In 1937, a German visitor asked Gandhi whether it was true, as some supposed, that he was suspicious of modern medicine. Gandhi replied that he did ‘not despise all medical treatments. I know we can learn a lot from the West about safe maternity and care of infants. Our children are born anyhow and most of our women are ignorant of the science of bringing up children. Here we can learn a great deal from the West.’

Indeed, Gandhi’s main arguments against medical science are: (1) it attaches undue importance to the body rather than the soul, which is infinitely more real than the body; (2) it is inconsistent with non-violence, partly on account of vivisection and partly because the modern medicines either contain or involve the taking of animal fat, alcohol, meat and other ‘forbidden’ food; (3) it is expensive and, therefore, inaccessible to the poor; and (4) it is inseparably linked with machinery, industrialization and modern civilization in general which Gandhi rejects in its entirety.

Gandhi’s advocated naturecure as opposed to modern medicine. He not only practised nature-cure on himself, his wife and children but also on the inmates of every ashram set up by him in South Africa and India, and on all those who would be willing to receive such treatment from him. During the last two years of his life he spent considerable time preaching and treating nature-cure, especially to villagers. A Nature Cure Clinic was set up in Poona under his patronage, and he even thought in terms of setting up a nature cure university.

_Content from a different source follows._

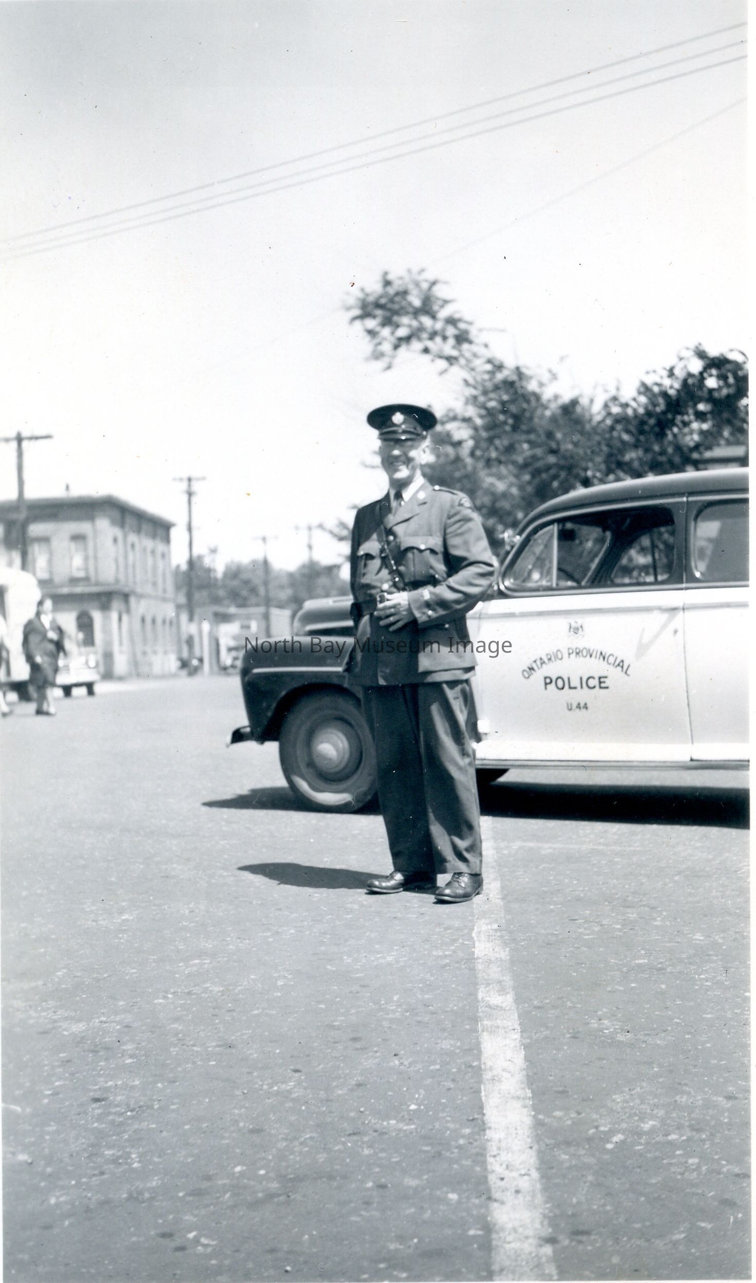 Photgraph of OPP Constable G. Porter on Algonquin Avenue in North Bay standing in front of his car. Part of Muldoon photo collection.

While he was confined in the Aga Khan Palace in Poona during 1942 -44, he wrote a book entitled Key to Health and penned the preface ~ ‘Anyone who observes the rules of health mentioned in the book will find that he has got in it a real key to unlock the gates leading to him to health. He will not need to knock at the doors of doctors or vaidyas from day to day.’ In Gandhi’s reckoning, a healthy man is a person whose body is free from disease and who can carry on his normal activities without fatigue.

His teaching insists on one having knowledge of one’s self and body to lead a healthy life. He states in his book that the human body is composed of five elements, which ancient philosophers have described as Earth, Water, Light, Air, and Vacancy or Ether. He firmly believed in Nature’s ability to heal and the body’s power in regaining its composure. But the interplay of the five elements is an absolute necessity. The first element is Air without which we cannot live. Breathing exercise for those who cannot breathe, sleeping under the sky, hydrotherapy, sunbaths and mud poultices are Gandhi’s advice on improving health.

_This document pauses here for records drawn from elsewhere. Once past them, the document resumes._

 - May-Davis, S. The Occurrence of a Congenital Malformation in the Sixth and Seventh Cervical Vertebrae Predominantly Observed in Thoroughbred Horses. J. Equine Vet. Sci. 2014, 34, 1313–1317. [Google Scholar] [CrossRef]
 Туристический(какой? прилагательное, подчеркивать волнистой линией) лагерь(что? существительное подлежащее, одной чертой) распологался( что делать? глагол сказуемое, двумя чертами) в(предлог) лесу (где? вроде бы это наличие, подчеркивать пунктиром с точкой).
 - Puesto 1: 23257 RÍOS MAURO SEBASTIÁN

In South Africa, Gandhi had learnt Louis Kuhne’s water treatment. Unfortunately, we have polluted our earth, air and water, and have also harmed Ether which helps to maintain and regain health. The impact of the level of pollution will pose a major health and economic crisis for India in the coming years. Gandhi classifies food into three categories ~ vegetarian, flesh and mixed. According to him, vegetarian is the best, followed by mixed. He states the importance of milk, cereals, pulses, fruit, vegetables, fat and the need to keep a balanced proportion of them in the diet.

In his opinion there are major drawbacks in taking meat as in order to get meat we have to kill. Regarding condiments, Gandhi said the body required certain salts which mostly occur naturally in various foodstuff. His personal experiments over fifty years emphasise the need for such condiments. Gandhi said: ‘Food should be taken as a matter of duty even as a medicine to sustain the body, never for the satisfaction of the palate, there should be self-control as such habits of elders influence children to some extent.’ The remarkable aspect of some of Gandhi’s recommendations is that they are relevant even today.